> [Task directions] Pictures stay out of the copy. Retype exactly the lines below from the one with "Tras la ceremonia" through the one with "House Plan 6365".

> [Data to examine]
....

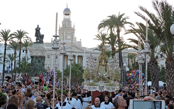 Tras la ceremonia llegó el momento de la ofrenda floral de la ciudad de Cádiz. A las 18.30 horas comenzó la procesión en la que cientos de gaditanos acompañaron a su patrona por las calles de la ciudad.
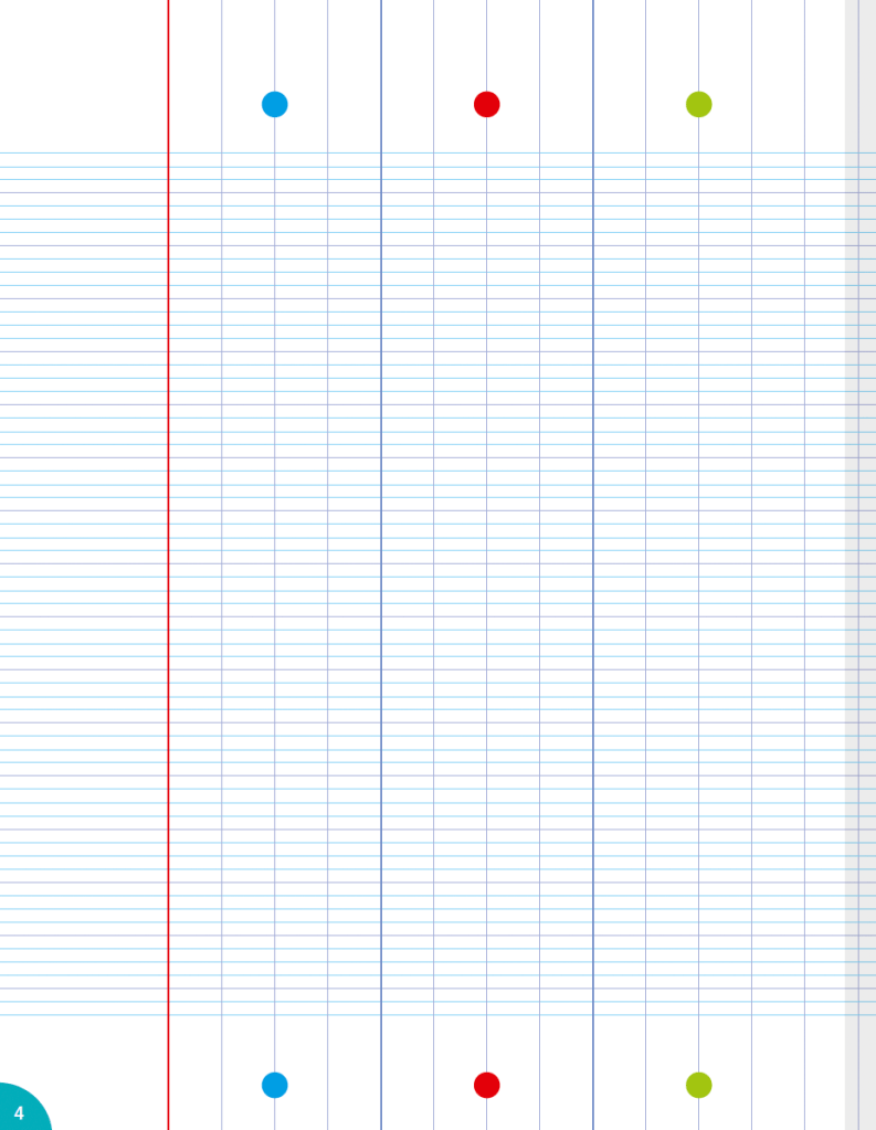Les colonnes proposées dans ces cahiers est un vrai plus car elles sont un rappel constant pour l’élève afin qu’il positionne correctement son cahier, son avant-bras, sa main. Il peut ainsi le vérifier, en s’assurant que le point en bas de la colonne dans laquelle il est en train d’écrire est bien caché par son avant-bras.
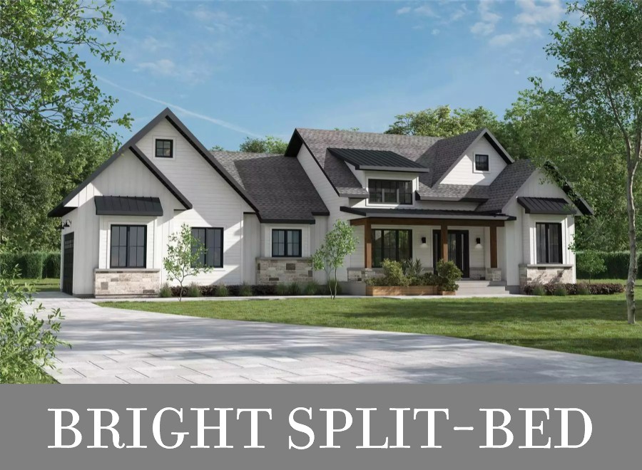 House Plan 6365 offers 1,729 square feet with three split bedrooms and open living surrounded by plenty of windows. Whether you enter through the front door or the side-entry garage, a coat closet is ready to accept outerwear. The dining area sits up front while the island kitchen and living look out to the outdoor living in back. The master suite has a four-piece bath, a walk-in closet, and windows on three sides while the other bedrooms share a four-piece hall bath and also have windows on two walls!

....

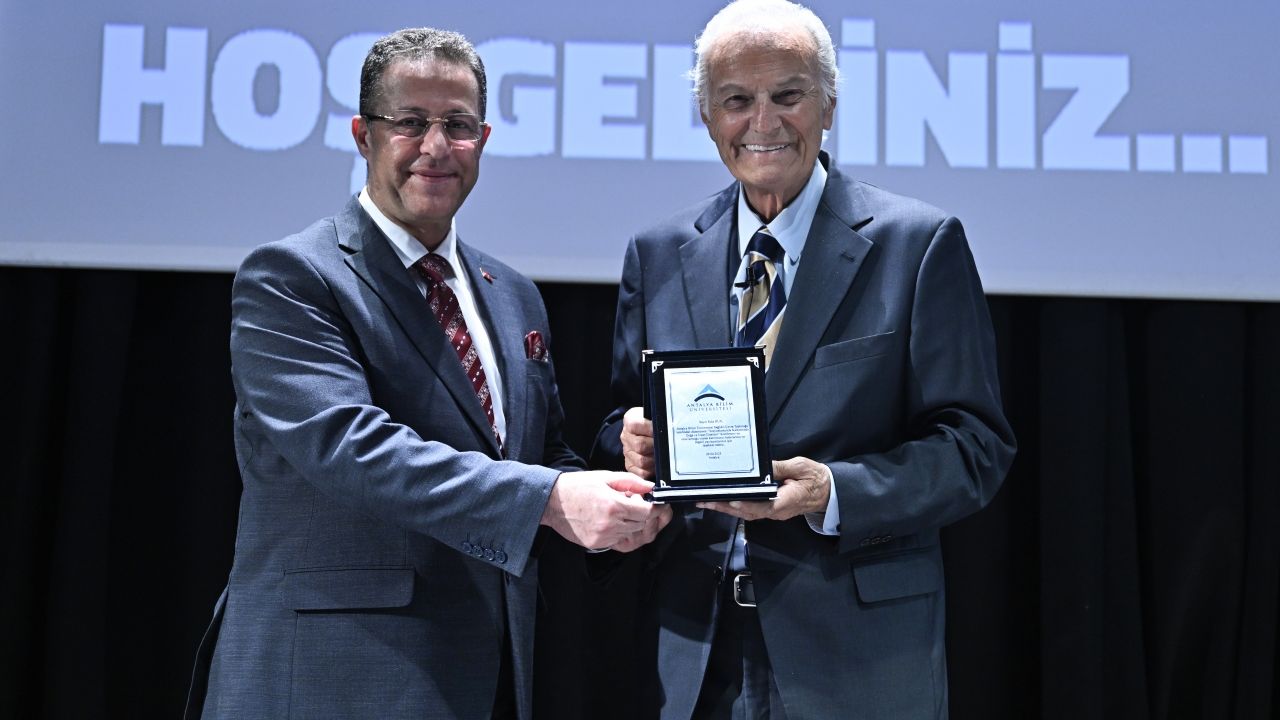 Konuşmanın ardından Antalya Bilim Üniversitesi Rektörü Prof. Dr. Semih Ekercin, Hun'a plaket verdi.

....

> [Task output]
 Tras la ceremonia llegó el momento de la ofrenda floral de la ciudad de Cádiz. A las 18.30 horas comenzó la procesión en la que cientos de gaditanos acompañaron a su patrona por las calles de la ciudad.
Les colonnes proposées dans ces cahiers est un vrai plus car elles sont un rappel constant pour l’élève afin qu’il positionne correctement son cahier, son avant-bras, sa main. Il peut ainsi le vérifier, en s’assurant que le point en bas de la colonne dans laquelle il est en train d’écrire est bien caché par son avant-bras.
 House Plan 6365 offers 1,729 square feet with three split bedrooms and open living surrounded by plenty of windows. Whether you enter through the front door or the side-entry garage, a coat closet is ready to accept outerwear. The dining area sits up front while the island kitchen and living look out to the outdoor living in back. The master suite has a four-piece bath, a walk-in closet, and windows on three sides while the other bedrooms share a four-piece hall bath and also have windows on two walls!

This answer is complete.